An Australian icon this. But this traditional looking dunny houses a smart modern composting toilet, not a metal pan that has to be emptied and buried once a week.

(And just so you know -- Redback Spider distribution map)

Up until my mid-teens I had never lived in a house with an outdoor dunny. We lived on farms, and had septic tanks, but when we moved into town, we got downgraded to a shed down the back of the garden because the small town we moved to didn't have a sewerage system until a few years later, in the late 70s.
The dunny in the photo above is at Brayshaw's Hut in Namadgi NP, ACT.

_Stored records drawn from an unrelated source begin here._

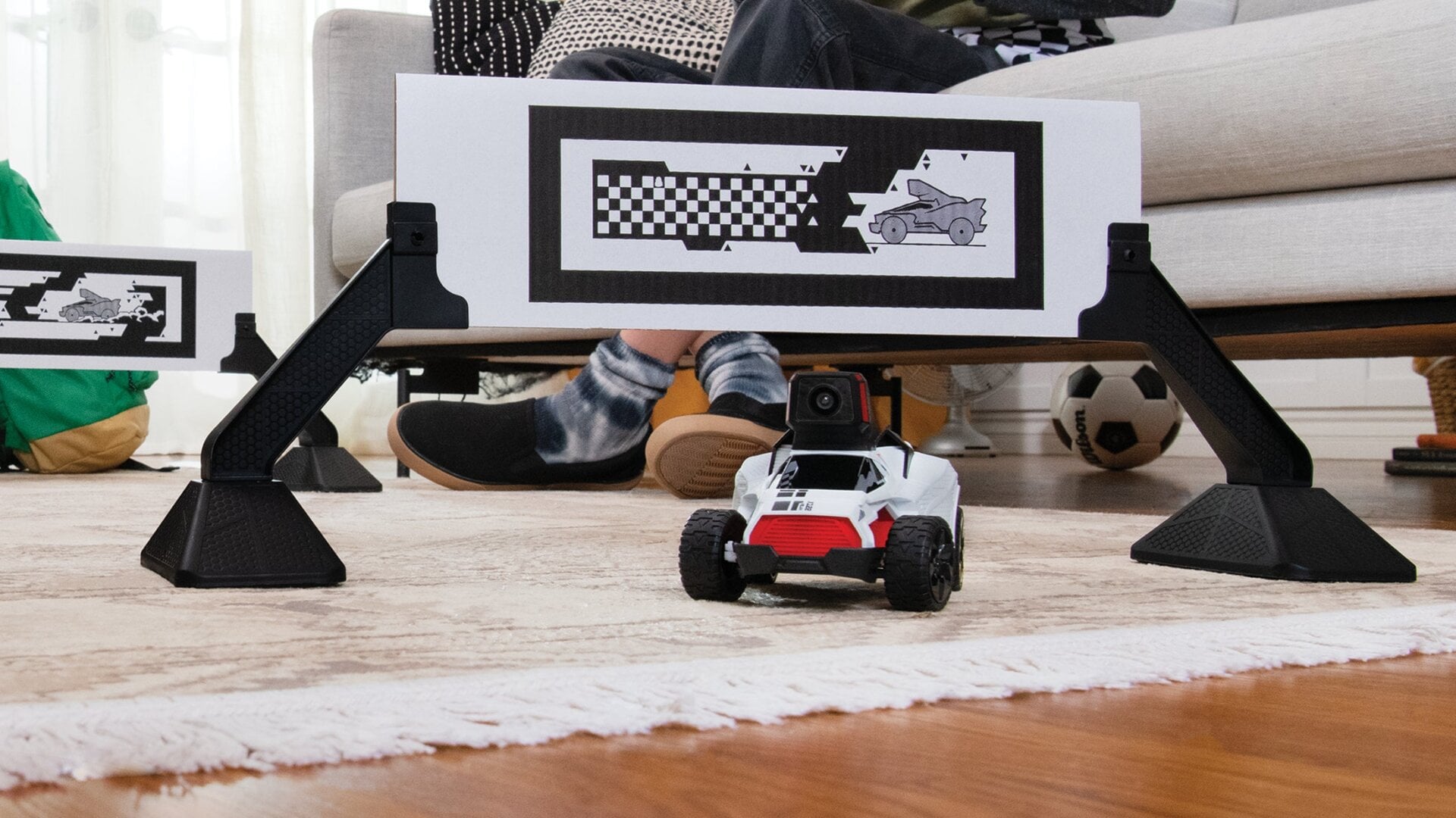Otherwise, the basics are pretty similar to Mario Kart Live. When you buy Rift Rally, which costs $130 for the regular bundle and $150 for the collector’s edition, you’ll get the game and a Hot Wheels Chameleon RC car, which has a camera mounted above it in a periscope position that’s similar to what you’ll find on Mario Kart Live’s RC cars. You can then boot into the game, control your car with your system’s controller (the iOS version will accept both controller and touch inputs), and watch the screen as the game overlays AR effects and goals over the footage being streamed in from your car.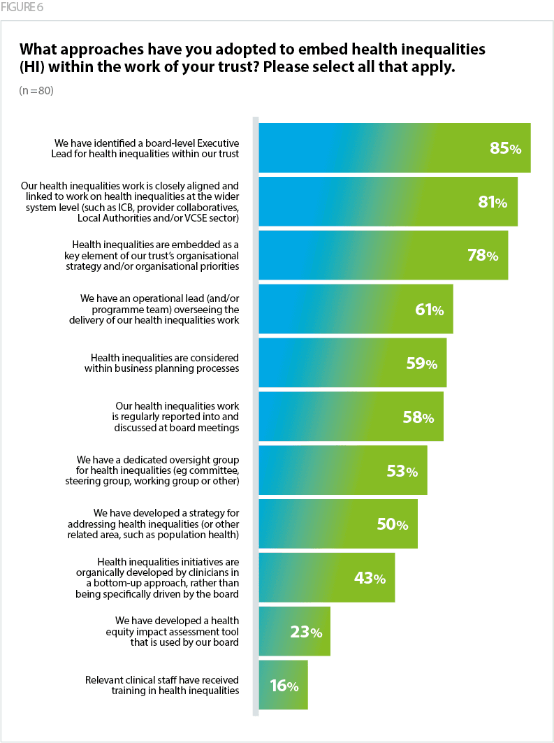 It is encouraging to see that the majority of trusts have board commitments and established internal structures to oversee their health inequalities work (Figure 6). The commitment is demonstrated through high responses to 'we have identified a board-level executive lead for health inequalities' (85%) and 'health inequalities are embedded as a key element of our trust's organisational strategy and/or organisational priorities' (78%). Feedback from executive leads highlighted that good practice involved reviewing data to inform the strategy development. Others have worked in partnership at place and system level to develop their strategy with wider system partners. The challenge noted for trusts relates to transforming strategy into action and implementation. A number of trusts reported a sense of feeling "stuck" in strategic mode, which involves lengthy discussions on long-term vision and aspirations rather than focusing on practical actions to address immediate concerns. It is important that trusts are enabled to transform their strategy into delivery by addressing the barriers that are set out in this report.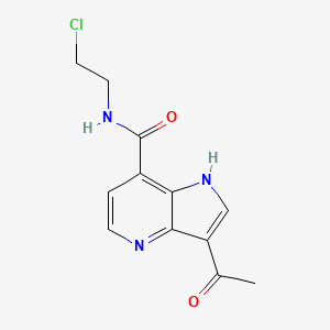 The mechanism of action of 3-acetyl-N-(2-chloroethyl)-1H-4-azaindole-7-carboxamide involves its interaction with specific molecular targets and pathways . The compound may exert its effects through the following mechanisms: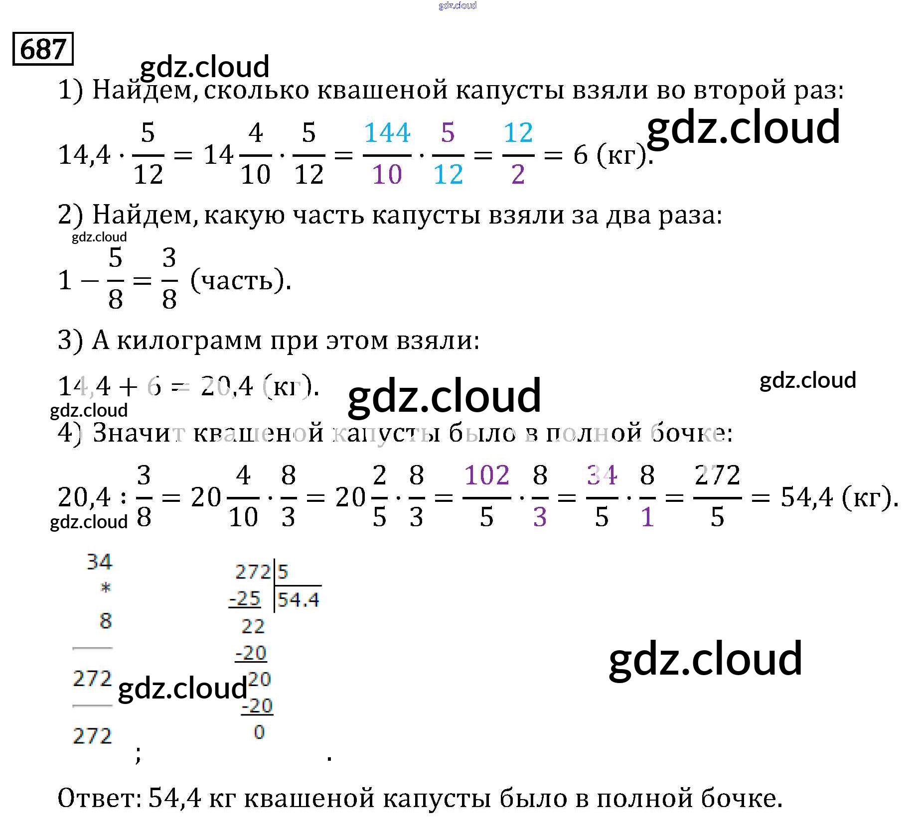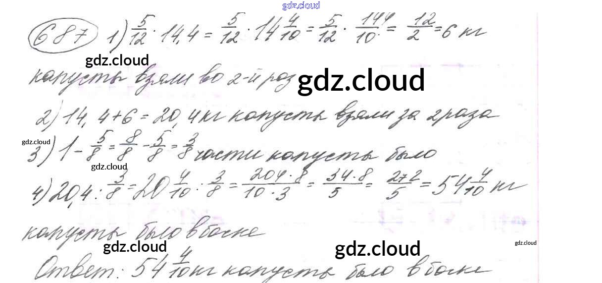 Ответ на задание 687 Учебник Математика за 6 (шестой) класс Виленкин, Жохов, Чесноков, Шварцбурд 2014

PS Chiotte (or more usually, chiottes) is French for dunny. (It amuses me that even when you are using slang it is not considered proper to refer to toilets in the singular in French.)

6 comments:

Colin and Elizabeth said...

Great... What is it made of!!! Corrugated tin sheets, what else. Bet they get quite warm in summer, not a place to sit for a long period!!! I have many toilet memories as a child....Going across a cold freezing yard to go in the middle of the night for one... C

Ken Broadhurst said...

Les chiottes is very familiar as langauge goes, and some French people might be shocked at such language. It's much better to say les toilettes or les w-c (les vécés). Another term to avoid is les gogues. On peut aller au petit coin, aux cabinets, au fond du jardin, or dans un endroit secret...

Nobody knows why it is plural. But then why is the formal pronoun of address, vous, in the plural. A king or queen has ses appartements in a château, also in the plural. The plural somehow makes it abstract and not so graphic.

Ken Broadhurst said...

Do you use the word "outhouse" for outdoor toilet in Aussie English? "Outhouse" is the standard American word for your "dunny" — speakers of British English need to know that. I see houses for sale with several "outhouses" — we'd call those "outbuildings." What's the origin of the term "dunny", BTW?

the fly in the web said...

I saw a bio wine labelled as

le cabernet est au fond du couloir'...

Susan said...

Colin: yes, warm and stinky :-)

Ken: dunny is familiar too, but les chiottes is slightly more vulgar I think. I wouldn't use les chiottes except when joking with friends. I didn't mean to imply les chiottes is the word for toilet, but that it is more or less the equivalent of dunny.

Apparently dunny comes from dunnekin, which is an archaic English word for an earth closet. We had to look that up...

Outhouse would be understood, but could be ambiguous as it might not just apply to the dunny, but any auxiliary building.

Thanks for the stuff about plurals.

Fly: LOL.

Ken Broadhurst said...

That was my point about the term outhouse. If you say it to mean outbuilding, then 350 million Americans have misunderstood.